* TASK *
Copy every entry below exactly, and keep out the pictures.

· · ·

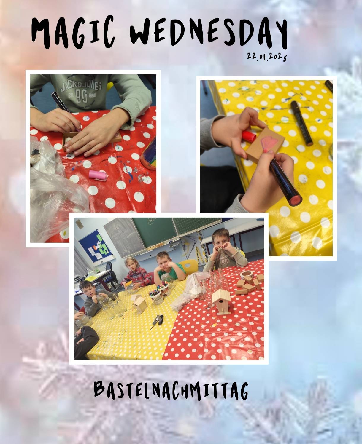 Das Wetter machte am dritten Magic Wednesday im Jahr 2025 leider einen großen Strich durch die Planung der Ganztagesbetreuung. Eigentlich war ein Wintertag geplant, das Wetter war hierzu aber viel zu mild, matschig und regnerisch. Kurzerhand entschied man sich dazu, die Schränke nach Materialien durchzuforsten. So wurde alles, was es zu finden gab, zusammengetragen, bevor die Schülerinnen und Schüler im Anschluss ihrer Kreativität freien Lauf lassen durften. So sind tolle bemalte Gläser, Vogelhäuser, Tontöpfchen und Schatullen entstanden.
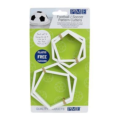 Los cortadores pentagonales son aptos para fondant, mazapán, pasta de goma y cualquier otra masa (incluso lonchas de queso sandwich! El conjunto es excelente para hacer tartas de fútbol!
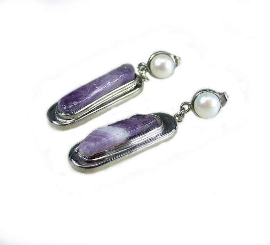 Amethyst mit Perle Ohrhstecker ca. 50 x 10 mmSie erhalten ein Paar Ohrstecker wie ab0ebildetLänge: ca. 50 mmBreite: ca. 10 mm
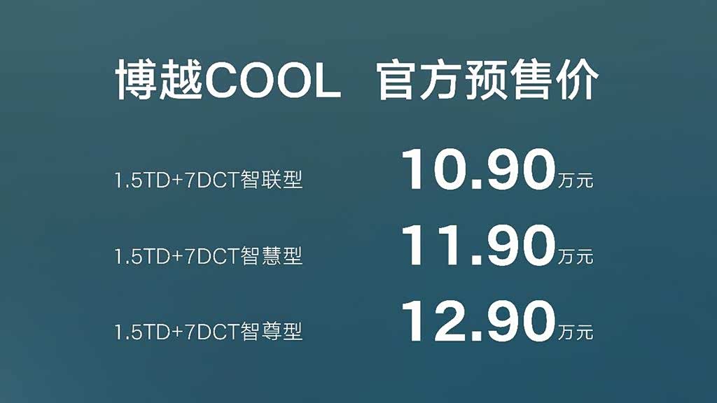 4月7日,吉利全新紧凑型SUV车型博越COOL预售开启,新车推出了3款车型,预售价区间为10.9万-12.9万元。新车动力搭载1.5TD四缸发动机+7DCT湿式双离合变速箱,发动机满足国六b排放标准。博越COOL预计4月底正式上市。
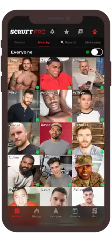 Scruff (stylised as SCRUFF) is an international social application for men seeking men that runs on iOS and Android devices.[1] The app allows users to upload profiles and photos, and search for other members by location and shared interests. Users can directly message other users or they can use the app's "Woof" feature, which allows users to express interest in another user's profile.
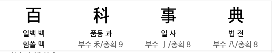 명사 '백과-사전(百科事典)'은 다음 한자 구성을 가진 낱말이다.
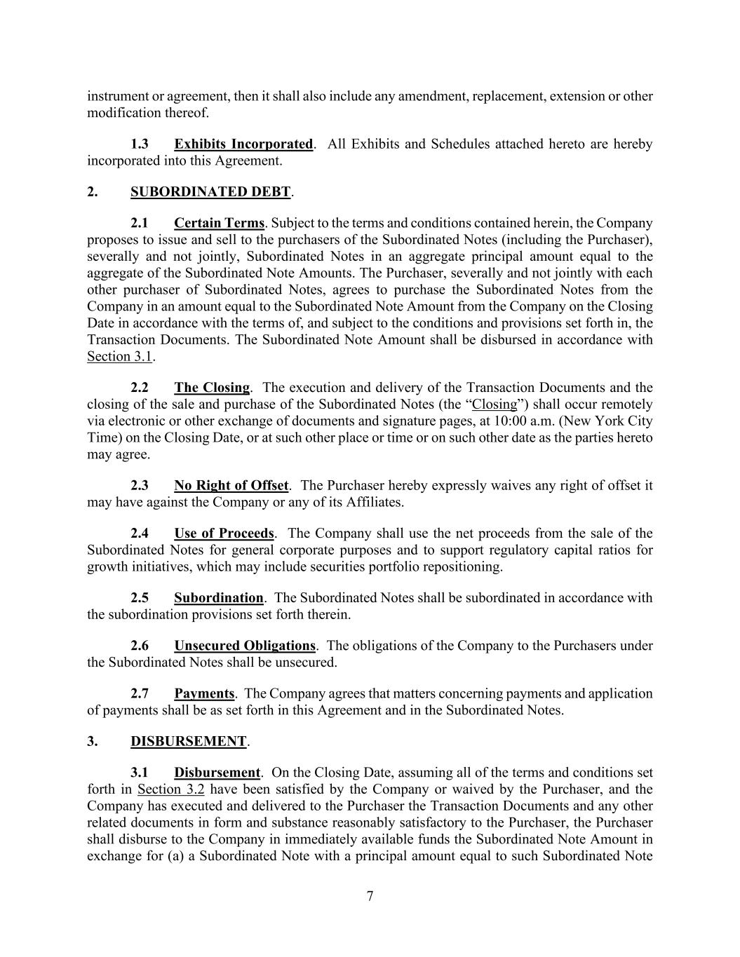 7 instrument or agreement, then it shall also include any amendment, replacement, extension or other modification thereof. 1.3 Exhibits Incorporated. All Exhibits and Schedules attached hereto are hereby incorporated into this Agreement. 2. SUBORDINATED DEBT. 2.1 Certain Terms. Subject to the terms and conditions contained herein, the Company proposes to issue and sell to the purchasers of the Subordinated Notes (including the Purchaser), severally and not jointly, Subordinated Notes in an aggregate principal amount equal to the aggregate of the Subordinated Note Amounts. The Purchaser, severally and not jointly with each other purchaser of Subordinated Notes, agrees to purchase the Subordinated Notes from the Company in an amount equal to the Subordinated Note Amount from the Company on the Closing Date in accordance with the terms of, and subject to the conditions and provisions set forth in, the Transaction Documents. The Subordinated Note Amount shall be disbursed in accordance with Section 3.1. 2.2 The Closing. The execution and delivery of the Transaction Documents and the closing of the sale and purchase of the Subordinated Notes (the “Closing”) shall occur remotely via electronic or other exchange of documents and signature pages, at 10:00 a.m. (New York City Time) on the Closing Date, or at such other place or time or on such other date as the parties hereto may agree. 2.3 No Right of Offset. The Purchaser hereby expressly waives any right of offset it may have against the Company or any of its Affiliates. 2.4 Use of Proceeds. The Company shall use the net proceeds from the sale of the Subordinated Notes for general corporate purposes and to support regulatory capital ratios for growth initiatives, which may include securities portfolio repositioning. 2.5 Subordination. The Subordinated Notes shall be subordinated in accordance with the subordination provisions set forth therein. 2.6 Unsecured Obligations. The obligations of the Company to the Purchasers under the Subordinated Notes shall be unsecured. 2.7 Payments. The Company agrees that matters concerning payments and application of payments shall be as set forth in this Agreement and in the Subordinated Notes. 3. DISBURSEMENT. 3.1 Disbursement. On the Closing Date, assuming all of the terms and conditions set forth in Section 3.2 have been satisfied by the Company or waived by the Purchaser, and the Company has executed and delivered to the Purchaser the Transaction Documents and any other related documents in form and substance reasonably satisfactory to the Purchaser, the Purchaser shall disburse to the Company in immediately available funds the Subordinated Note Amount in exchange for (a) a Subordinated Note with a principal amount equal to such Subordinated Note
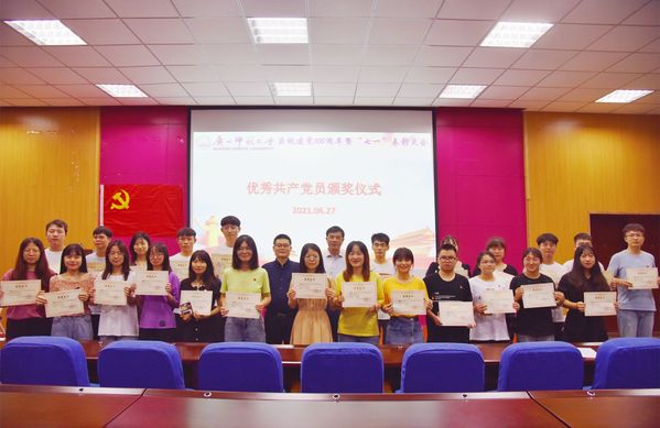 学院党委主要负责人等为优秀学生党员颁发荣誉证书并合影留念

· · ·

* EXERCISE OUTPUT *
 Das Wetter machte am dritten Magic Wednesday im Jahr 2025 leider einen großen Strich durch die Planung der Ganztagesbetreuung. Eigentlich war ein Wintertag geplant, das Wetter war hierzu aber viel zu mild, matschig und regnerisch. Kurzerhand entschied man sich dazu, die Schränke nach Materialien durchzuforsten. So wurde alles, was es zu finden gab, zusammengetragen, bevor die Schülerinnen und Schüler im Anschluss ihrer Kreativität freien Lauf lassen durften. So sind tolle bemalte Gläser, Vogelhäuser, Tontöpfchen und Schatullen entstanden.
 Los cortadores pentagonales son aptos para fondant, mazapán, pasta de goma y cualquier otra masa (incluso lonchas de queso sandwich! El conjunto es excelente para hacer tartas de fútbol!
 Amethyst mit Perle Ohrhstecker ca. 50 x 10 mmSie erhalten ein Paar Ohrstecker wie ab0ebildetLänge: ca. 50 mmBreite: ca. 10 mm
 4月7日,吉利全新紧凑型SUV车型博越COOL预售开启,新车推出了3款车型,预售价区间为10.9万-12.9万元。新车动力搭载1.5TD四缸发动机+7DCT湿式双离合变速箱,发动机满足国六b排放标准。博越COOL预计4月底正式上市。
 Scruff (stylised as SCRUFF) is an international social application for men seeking men that runs on iOS and Android devices.[1] The app allows users to upload profiles and photos, and search for other members by location and shared interests. Users can directly message other users or they can use the app's "Woof" feature, which allows users to express interest in another user's profile.
 명사 '백과-사전(百科事典)'은 다음 한자 구성을 가진 낱말이다.
 7 instrument or agreement, then it shall also include any amendment, replacement, extension or other modification thereof. 1.3 Exhibits Incorporated. All Exhibits and Schedules attached hereto are hereby incorporated into this Agreement. 2. SUBORDINATED DEBT. 2.1 Certain Terms. Subject to the terms and conditions contained herein, the Company proposes to issue and sell to the purchasers of the Subordinated Notes (including the Purchaser), severally and not jointly, Subordinated Notes in an aggregate principal amount equal to the aggregate of the Subordinated Note Amounts. The Purchaser, severally and not jointly with each other purchaser of Subordinated Notes, agrees to purchase the Subordinated Notes from the Company in an amount equal to the Subordinated Note Amount from the Company on the Closing Date in accordance with the terms of, and subject to the conditions and provisions set forth in, the Transaction Documents. The Subordinated Note Amount shall be disbursed in accordance with Section 3.1. 2.2 The Closing. The execution and delivery of the Transaction Documents and the closing of the sale and purchase of the Subordinated Notes (the “Closing”) shall occur remotely via electronic or other exchange of documents and signature pages, at 10:00 a.m. (New York City Time) on the Closing Date, or at such other place or time or on such other date as the parties hereto may agree. 2.3 No Right of Offset. The Purchaser hereby expressly waives any right of offset it may have against the Company or any of its Affiliates. 2.4 Use of Proceeds. The Company shall use the net proceeds from the sale of the Subordinated Notes for general corporate purposes and to support regulatory capital ratios for growth initiatives, which may include securities portfolio repositioning. 2.5 Subordination. The Subordinated Notes shall be subordinated in accordance with the subordination provisions set forth therein. 2.6 Unsecured Obligations. The obligations of the Company to the Purchasers under the Subordinated Notes shall be unsecured. 2.7 Payments. The Company agrees that matters concerning payments and application of payments shall be as set forth in this Agreement and in the Subordinated Notes. 3. DISBURSEMENT. 3.1 Disbursement. On the Closing Date, assuming all of the terms and conditions set forth in Section 3.2 have been satisfied by the Company or waived by the Purchaser, and the Company has executed and delivered to the Purchaser the Transaction Documents and any other related documents in form and substance reasonably satisfactory to the Purchaser, the Purchaser shall disburse to the Company in immediately available funds the Subordinated Note Amount in exchange for (a) a Subordinated Note with a principal amount equal to such Subordinated Note
 学院党委主要负责人等为优秀学生党员颁发荣誉证书并合影留念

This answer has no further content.